Он покраснел, в мгновение ока утратил нить разговора. А ведь он собирался высказать ей так много, мечтал коснуться ее, а бесконечными ночами грезил о чем-то гораздо большем, о том, что он целует ее, закрыв глаза, целует до боли — за всю свою тоску, за свое, напрасное стремление искупить то, что нельзя искупить, за тот удар по лицу, который он получил сегодня утром от руки чеха. И вот вместо всего этого…
Ах, безумец, истукан ты этакий, идиот! Ну, чего ты, собственно говоря, ожидал?
Теперь Гонзик ждал только одного — чтобы, наконец, музыка умолкла и чтобы ему никогда больше с Каткой не танцевать. Он даже едва не пропустил мимо ушей ее приглашение к столику. Они, дескать, там как-нибудь усядутся.
Вацлав и Катка снова идут танцевать. Глаза Гонзика и Катки на миг встречаются. Юноша в упрямой, неотступной надежде в последний раз ищет в ее глазах то, что ему нужно, как умирающему от жажды капля воды. Но в ее глазах лишь нечто такое, что его раздражает и унижает: «Выше голову, Гонзик!..»

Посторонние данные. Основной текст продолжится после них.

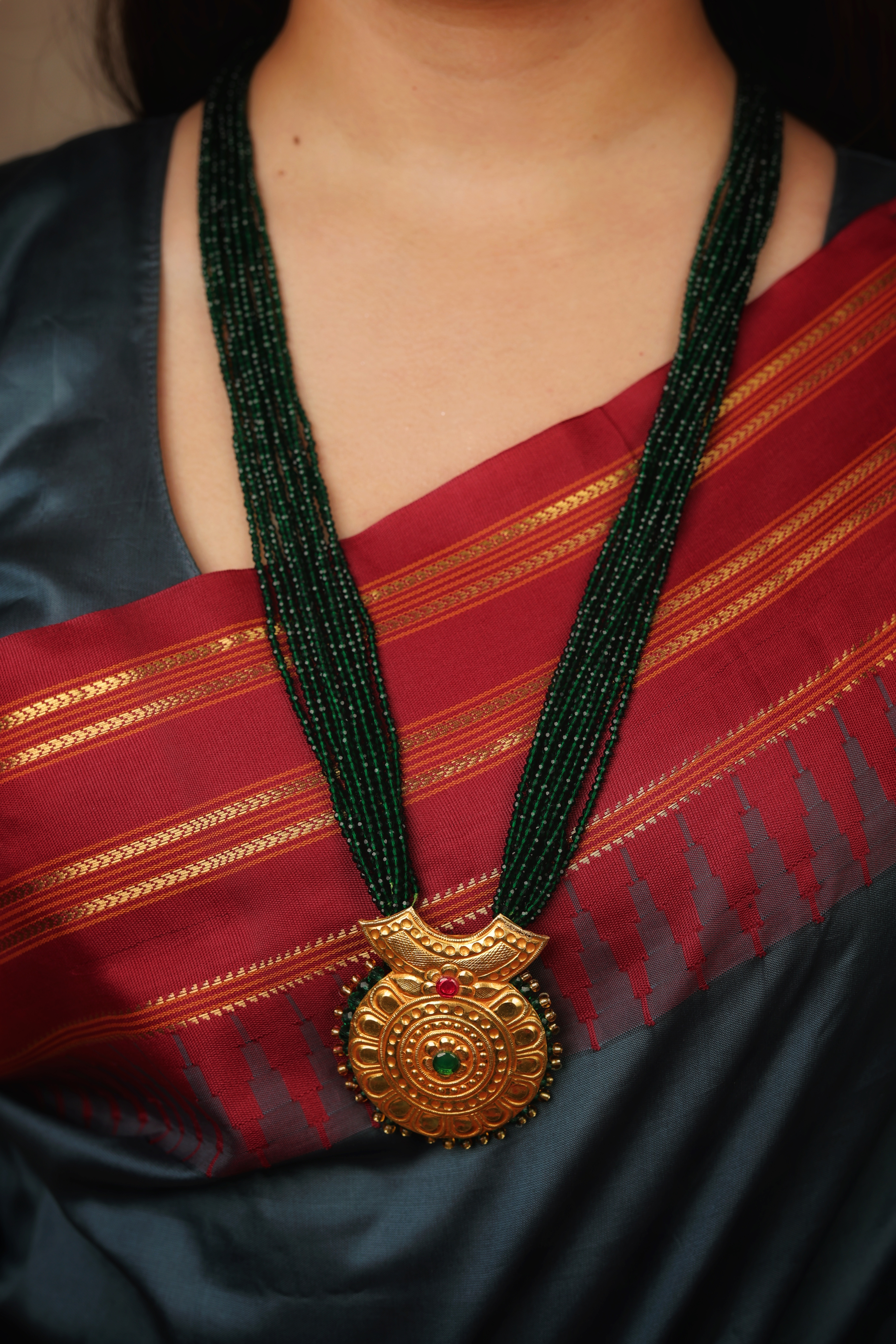 A timeless Antique Jewellery necklace crafted in pure 24K gold, featuring a richly embossed circular pendant paired with elegant multi-strand green beads.

Пальцы Гонзика механически складывают бумажную салфетку в разные удивительные фигурки, из чашки с недопитым остывшим кофе пахнет цикорием. Безразличие охватило Гонзика: ему все равно, как-нибудь он досидит здесь до конца, в логове ведь тебя жрали бы блохи. И Катку жрут… Катку… Какая шкодливая мыслишка — ведь и эту стройную девушку с бархатными губами жрут блохи, так же как и патера Флориана, как и самого главного врага Гонзика — Пепека. Проклятое место эта Валка, где даже танцевальный вечер может ввергнуть человека в бесконечные муки и бездонную пустоту.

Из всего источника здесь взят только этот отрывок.